In den Schuhen von Fritz Gelowicz, dem Kopf der Sauerland-Gruppe
Der 29-jährige Neu-Ulmer plante mit drei weiteren Islamisten Terroranschläge in Deutschland. Jetzt legte er ein Geständnis ab.
Was sind das für Schuhe? Auf dem einzigen Bild von Fritz Gelowicz, auf dem sein ganzer Körper zu sehen ist, stecken seine Füße ausgerechnet in der ältesten Modesünde der Neuzeit: Weiße Tennissocken zu Sandalen. Das mag auf den ersten Blick schockierend sein, ist aber in vielerlei Hinsicht passend: Dort, wo Fritz Gelowicz herkommt, ist und hingeht, genügt leichtes, bequemes Schuhwerk.
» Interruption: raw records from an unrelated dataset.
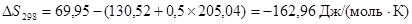 Из справочных данных[16] находим величины энтропии всех участвующих в реакциях веществ:
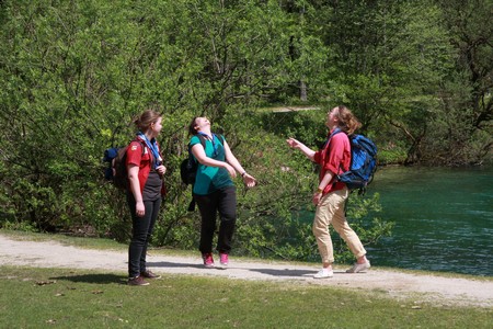 Ende April trafen wir uns beim Bahnhof in Golling um gemeinsam ins Bluntautal zu wandern. Über 60 Pfadfinder, Eltern und Freunde marschierten bei strahlend schönem Wetter (trotzend dem Wetterbericht, der ja nicht so rosig ausschaute) gemütlich Richtung Bluntauseen.
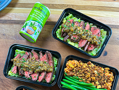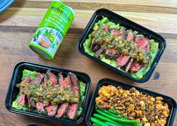 4. In a high heat pan sprayed with oil, cook steaks for 3 minutes on each side, depending on size of steaks and desired doneness. Let rest before slicing.
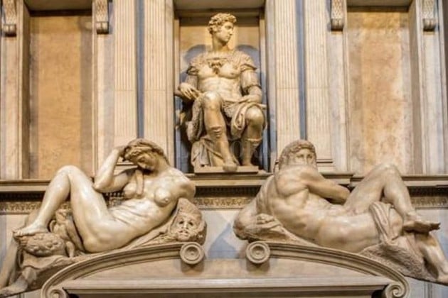 Alejandro está enterrado junto a su padre Lorenzo II de Médici y el grupo se destaca por las alegorías de Aurora y Crepúsculo a los pies de la estatua del gobernante.
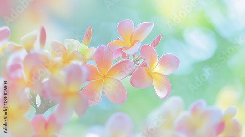 Fototapeta premium Pastel tropical flowers in soft focus natural background

Im Sommer 2006 fuhr Gelowicz nämlich über die Türkei und Iran schließlich ins afghanisch-pakistanische Grenzgebiet. Der Kopf der sogenannten Sauerland-Gruppe hielt sich also lange in ariden, subtropischen Gebieten mit heißem Kontinentalklima auf (die Durchschnittstemperatur im pakistanischen Peschawar liegt in den Sommermonaten bei 30 Grad). Leichtes, luftiges Schuhwerk ist dort von Vorteil. Nach seiner Rückkehr verbrachte der 29-Jährige dann viel Zeit in geschlossenen Räumen. Zunächst lagerte er 730 Liter Wasserstoffperoxid in seiner Wohnung, um damit einen Sprengstoffanschlag auf amerikanische Soldaten in Deutschland zu verüben. Klobige Stiefel wären hier nur störend gewiesen. Die letzten Monate verbrachte Gelowicz dann abwechselnd in einer Gefängniszelle und im Gerichtssaal – auch in diesen Örtlichkeiten neigt der Mensch, Bequemlichkeit höher zu achten als Stilsicherheit.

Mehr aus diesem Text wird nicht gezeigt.